### Exercise goal
For the data below, transcribe the part that opens with the line containing "Александър Георгиев от" and closes with the line containing "Nationals manager Dusty", exactly and with no pictures.

### Extracted entries
----

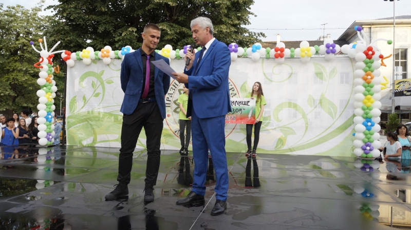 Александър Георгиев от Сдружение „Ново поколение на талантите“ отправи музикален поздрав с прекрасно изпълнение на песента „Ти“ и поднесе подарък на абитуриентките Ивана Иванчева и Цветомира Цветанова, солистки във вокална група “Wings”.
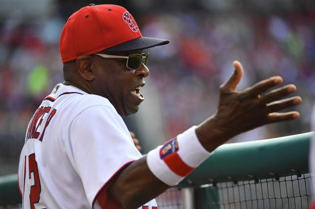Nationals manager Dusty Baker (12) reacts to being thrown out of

----

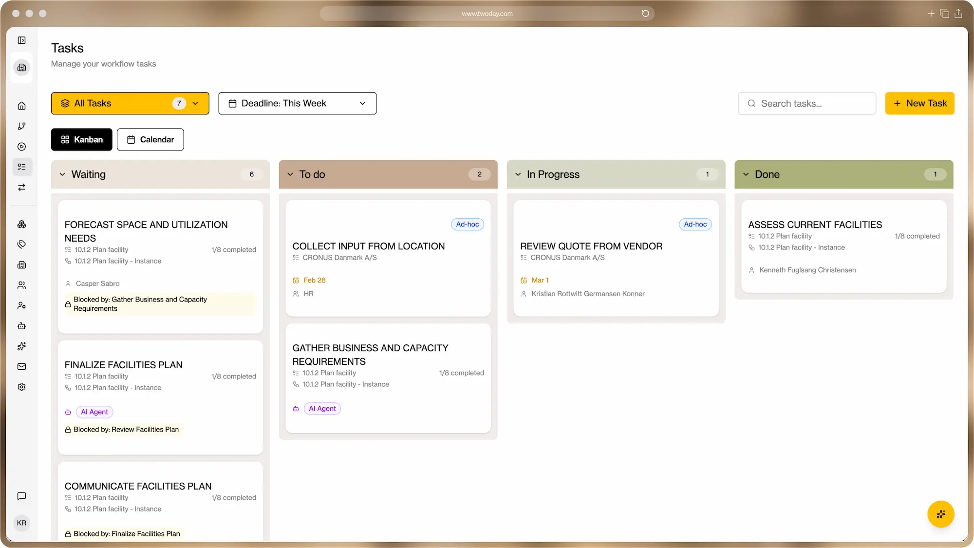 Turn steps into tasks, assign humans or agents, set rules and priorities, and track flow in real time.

----

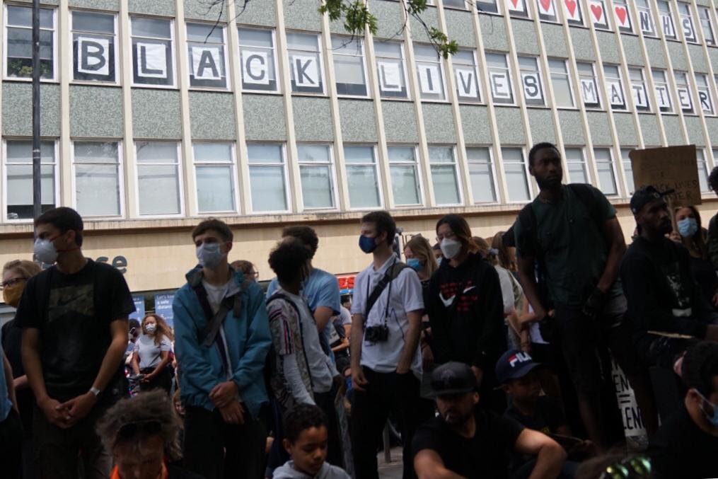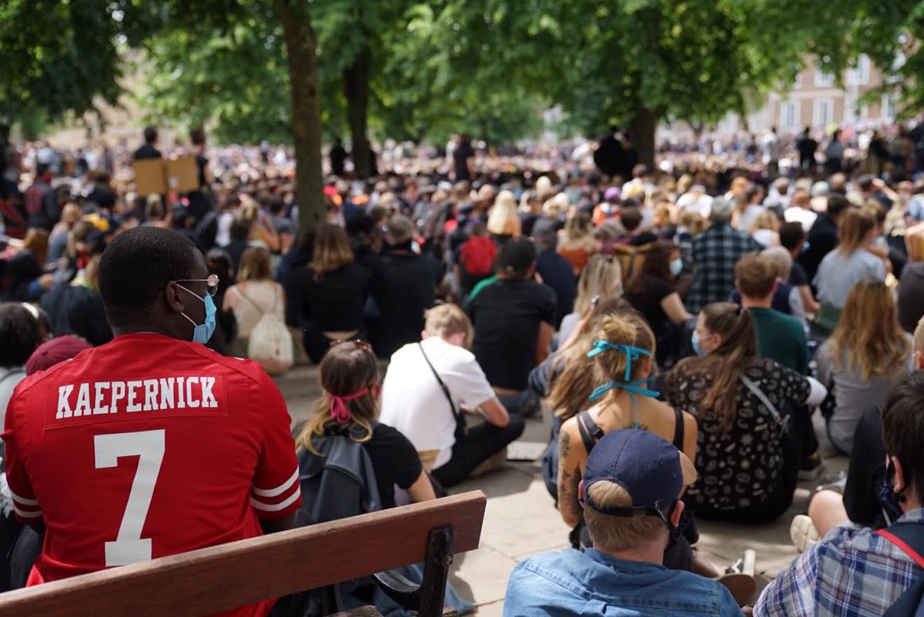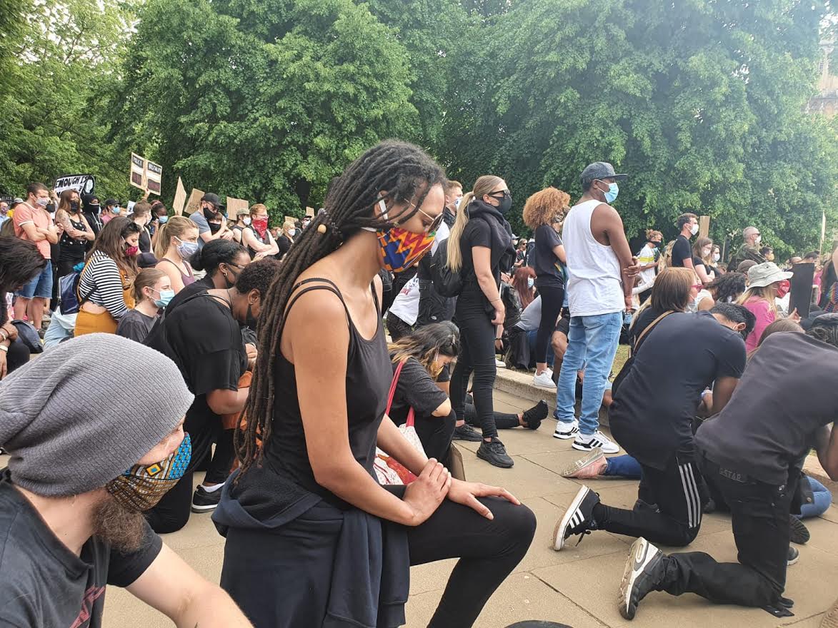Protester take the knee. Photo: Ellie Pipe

----

### Solution
 Александър Георгиев от Сдружение „Ново поколение на талантите“ отправи музикален поздрав с прекрасно изпълнение на песента „Ти“ и поднесе подарък на абитуриентките Ивана Иванчева и Цветомира Цветанова, солистки във вокална група “Wings”.
Nationals manager Dusty Baker (12) reacts to being thrown out of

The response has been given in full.